Ces arguments ne doivent pas nous faire croire que la science, ou certains scientifiques ont fini par découvrir Dieu dans leurs éprouvettes. Pour nous, tout ceci relève d’une logique et d’un sens commun très élaboré mais il est clair que la science et la raison ont leurs limites et qu’elles ne peuvent pas, à elles seules, s’occuper de questions si complexes qu’elles exigent le concours de toutes les disciplines abordables par l’intelligence humaine.

Pour le docteur Fritjof Capra : « … l’univers est engagé dans une danse cosmique ininterrompue.
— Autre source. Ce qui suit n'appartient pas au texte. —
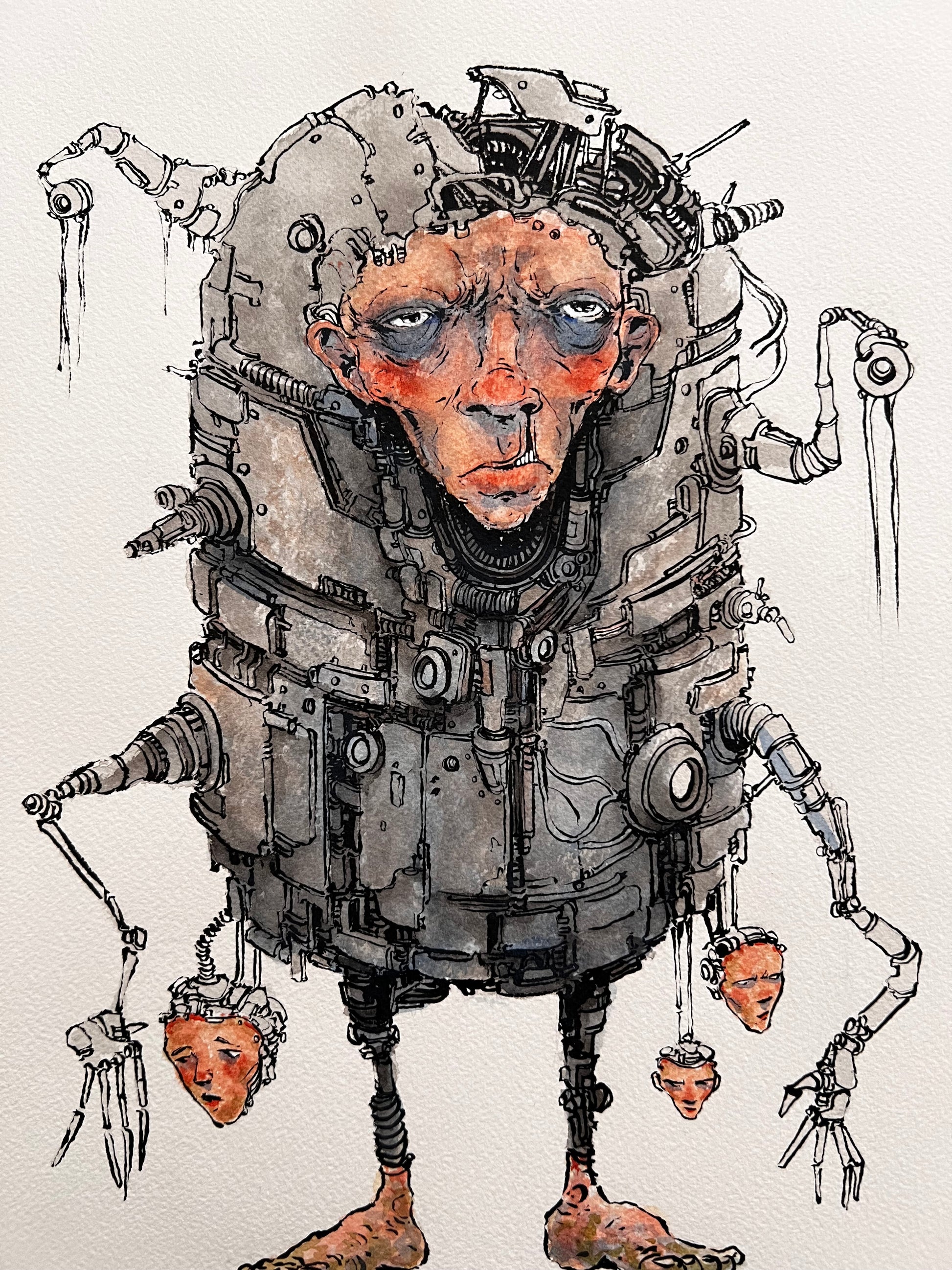 This was one of my first ever planned drawings using watercolor. This design will be elsewhere in the future, but for now it’s locked into this piece of paper. Kind of similar to my angel design, I was inspired by mixing human and technology. What if there was a very smart man who was put into an “Iron Lung” and survived some sort of apocalypse? I love to think about it.

L’observateur en fait partie intégrante. Ce système reflète une réalité située au-delà du monde de la perception sensorielle ordinaire, il implique des dimensions plus vastes et transcende le langage ordinaire et la logique raisonnante. »
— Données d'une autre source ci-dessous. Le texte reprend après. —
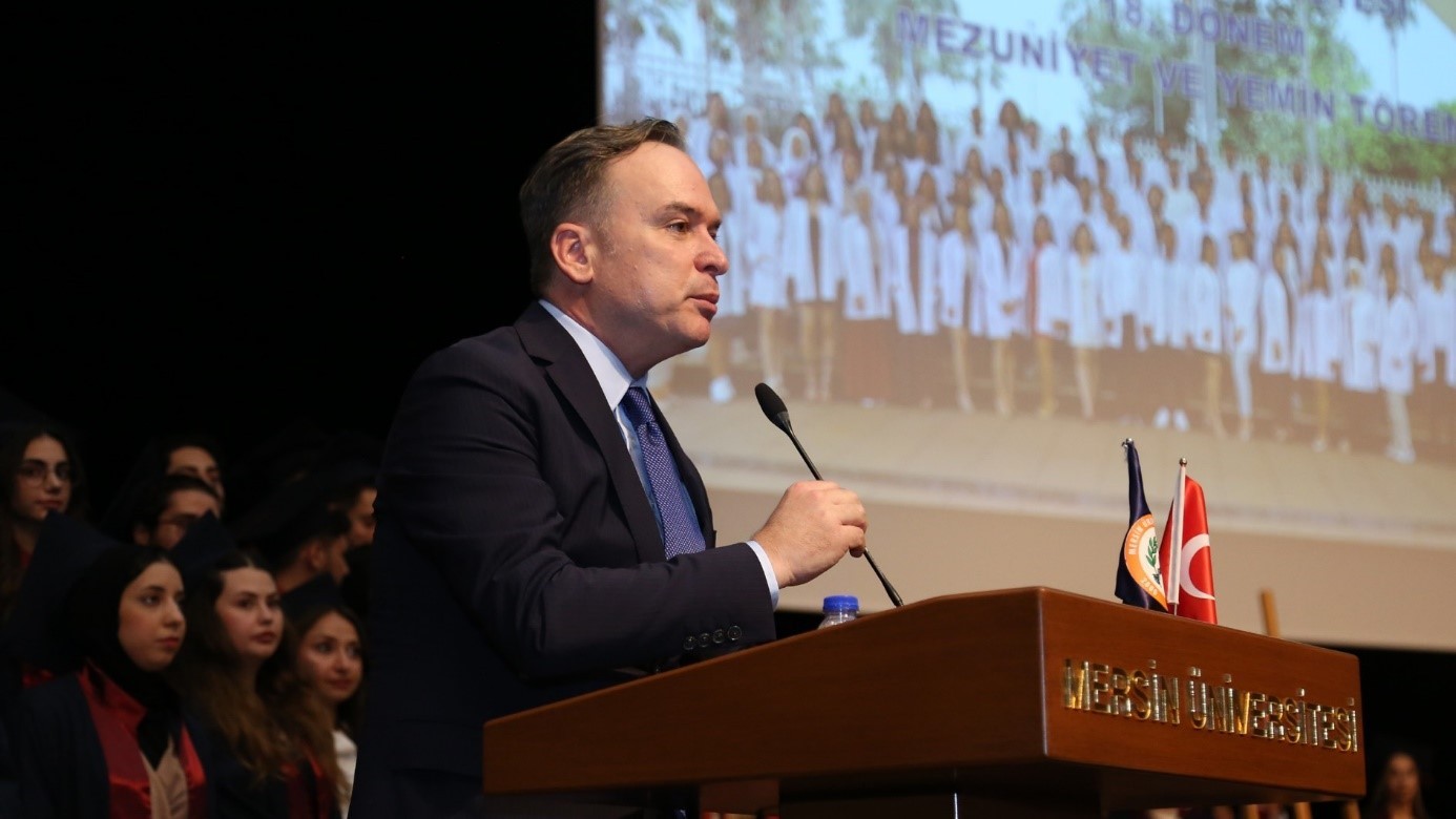 Mersin Eczacı Odası Genel Sekreteri Sayın Ecz. Oktay ASLAN, “Bugün edeceğiniz yemin sonrası meslektaşlarınız olarak aramıza katılacaksınız. Sizlerle özellikle staj döneminde ve 5. sınıf staj eğitimlerinizde ne yapacağınız ile ilgili çok fazla konuşmuştuk. Fakültemizin akreditasyon sürecine destek veriyoruz ve birlikte omuz omuza yürüyoruz. Kendilerine bu konuda her türlü desteğimizi sunuyoruz. Önümüzdeki süreçte de tekrar akreditasyon alacağımızdan şüpheniz yok. Bu kapsam da gerçekleştirmiş olduğumuz simülasyon eczanesini de en kısa sürede tekrar tamamlayacağız. Bunun sözünü de veriyoruz. Bizler oda olarak fakülteden mezun olan tüm meslektaşlarımıza yardım için uzun yıllardır çaba göstermekteyiz. Mersin’de kalan meslektaşlarımızla mezuniyetleriniz sonrası bayram dönüşü bir eğitim, bilgilendirme ve tanışma toplantısı yapacağız. Unutmayalım ki odalar, meslektaşlarımızın yani bizlerin gücü. Aramıza katılan siz değerli meslektaşlarımızla gücümüzü artırarak problemlerimizi hızlı çözebileceğimize inanıyor, meslek hayatınızda hepinize başarılar diliyorum” ifadelerini kullandı.

Quoi qu’il en soit, le dialogue entre la Science et la Religion devient possible dans la mesure ou la notion de spiritualité se libère du cadre dogmatique des trois religions du Livre qui ont baigné l’Occident depuis des siècles : La religion du futur sera une religion cosmique. Elle devra transcender l’idée d’un Dieu existant en tant que personne et éviter le dogme et la théologie. Couvrant aussi bien le naturel que le spirituel, elle devra se baser sur un sens religieux né de l’expérience de toutes les choses, naturelles et spirituelles, considérées comme un ensemble sensé ». (A. Einstein).

Bibliographie :

  • Basarab Nicolescu, Nous, la particule et le monde, Editions du Rocher, 2002.
  • David Bohn, Woleness and the implicate order (ARK Edition, 1983)
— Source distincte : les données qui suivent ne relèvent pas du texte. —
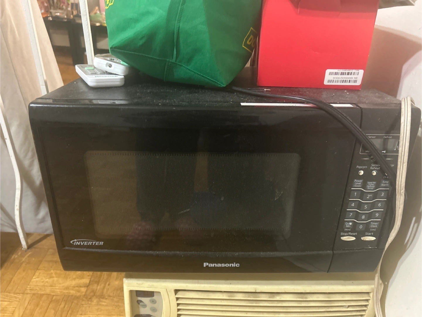 Selling a Panasonic Inverter microwave. It has settings for popcorn, reheat, and defrost. The control panel has a number pad and quick minute settings. It's a great addition to any kitchen!

  • Freeman J. Dyson, Les Dérangeurs d’univers, Payot, 1987
  • Fritjof Capra, Le Tao de la Physique, Editions Sand, 2004 ; Le Temps du Changement, Edition du Rocher, 1983
  • Jean Charon, L’Esprit et la Relativité complexe – Les Lumières de l’Invisible, Edition Albin Michel, 1998
  • Rupert Shaldrake, Une nouvelle science de la vie, Edition du Rocher (1985)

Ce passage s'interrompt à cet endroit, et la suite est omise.